Calcium release from intact calmodulin and calmodulin fragment 78–148 measured by stopped‐flow fluorescence with 2‐p‐toluidinylnaphthalene sulfonate

Abstract
Calcium release from high and low-affinity calcium-binding sites of intact bovine brain calmodulin (CaM) and from the tryptic fragment 78-148, purified by high-pressure liquid chromatography, containing only the high-affinity calcium-binding sites, was determined by fluorescence stopped-flow with 2-p-toluidinylnaphthalene sulfonate (TNS). The tryptic fragments 1-77 and 78-148 each contain a calcium-dependent TNS-binding site, as shown by the calcium-dependent increase in TNS fluorescence. The rate of monophasic fluorescence decrease in endogenous tyrosin on calcium dissociation from intact calcium-saturated calmodulin (kobs 10.8 s-1 and 3.2 s-1 at 25.degree. C and 10.degree. C respectively) as well as the rate of equivalent slow phase of the biphasic decrease in TNS fluorescence (kobsslow 10.6 s-1 and 3.0 s-1 at 25.degree. C and 10.degree.
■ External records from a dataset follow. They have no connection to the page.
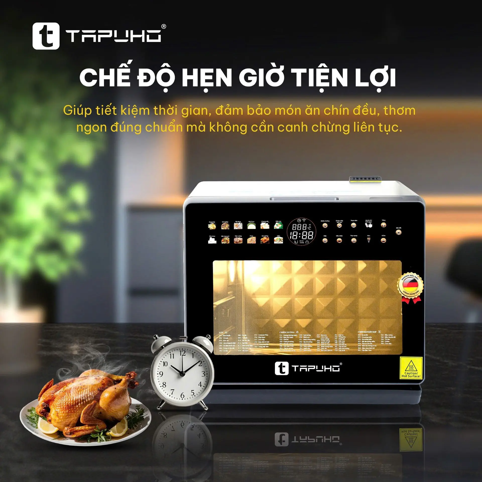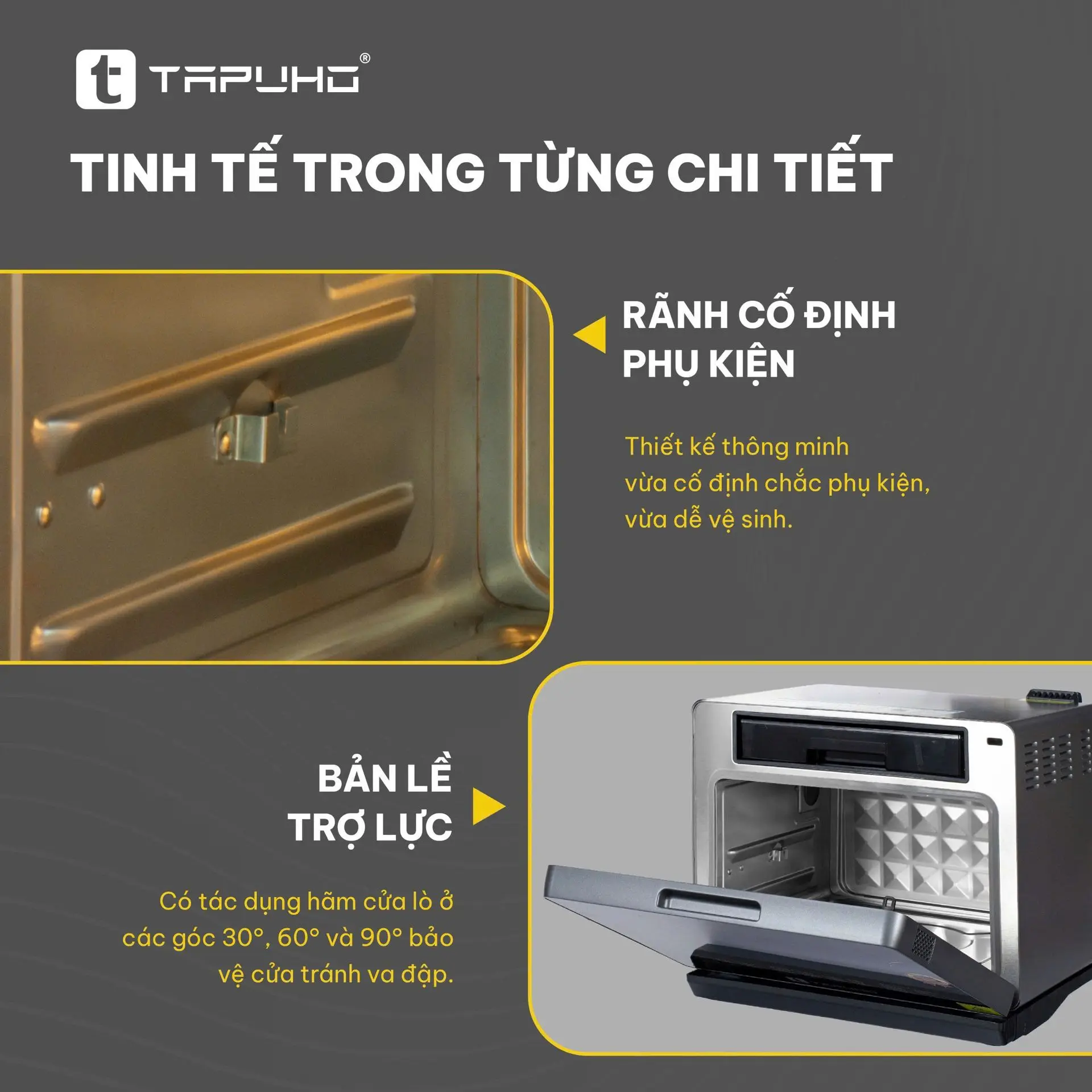 Khi mua TAPUHO TMC20 PrimeAI, người dùng nhận ngay bộ phụ kiện inox 304 cao cấp gồm: khay hấp, khay nướng, rá chiên, trục quay, giỏ quay, nhông quay, dây buộc gà, dụng cụ lấy khay, găng tay chống nóng, cùng sách công thức nấu ăn.
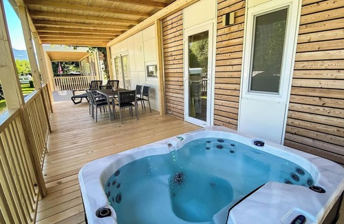 Mobilhome with 2 bedrooms and a terrace with private whirlpool is located in Ossiach. Mobilhome with 2 bedrooms and a terrace with private whirlpool provides accommodation, featuring TV, Balcony/Terrace, Parking, among other amenities. This House features TV, Balcony/Terrace, Parking, to make your stay a comfortable one.
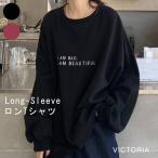 ロンT レディース 長袖 ゆったり カットソー ロゴ トップス オーバーサイズ ビッグシルエット【メール便】 [M便 1/1] 22F35211
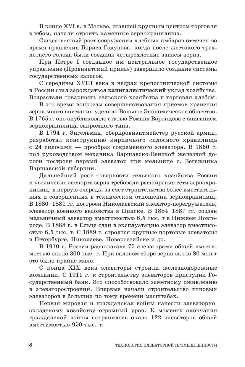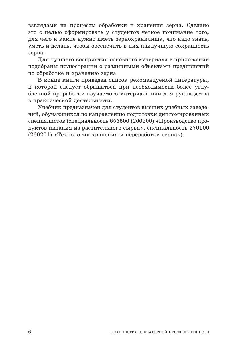 В учебнике изложены базовые материалы, позволяющие сформировать достаточные знания о технологиях элеваторной промышленности, устройстве основных типов зернохранилищ, свойствах зерновой массы как сыпучем материале, методах оперативного расчета зернохранилищ, автоматизации и механизации производственных процессов, управлении технологическими процессами, эксплуатации предприятий и др. Учебник предназначен для студентов вузов, обучающихся по направлению подготовки дипломированных специалистов «Производство продуктов питания из растительного сырья», специальности «Технология хранения и переработки зерна».

C respectively) and the rate of the solely monophasic decrease in TNS fluorescence, obtained with fragment 78-148 (kobs 10.7 s-1 and 3.5 s-1 at 25.degree. C and 10.degree. C respectively), were identical, indicating that the rate of the conformational change associated with calcium release from the high-affinity calcium-binding sites on the C-terminal half of calmodulin is not influenced by the N-terminal half of the molecule. The fast phase of the biphasic decrease of TNS fluorescence, observed with intact calmodulin only (kobsfast 280 s-1 at 10.degree. C) but not with fragment 78-148, ismost probably due to the conformational change assocaited with calcium release from low-affinity sites on the N-terminal half. The calmodulin fragments 1-77 and 78-148 neither activated calcium/calmodulin-dependent protein kinase of cardiac sarcoplasmic reticulum nor inhibited calmodulin-dependent activation at a concentration approximately 1000-fold greater (5 .mu.M) than that of the calmodulin required for half-maximum activation (5.9 mM at 0.8 mM Ca2+ and 5 mM Mg2+) of calmodulin-dependent phosphoester formation.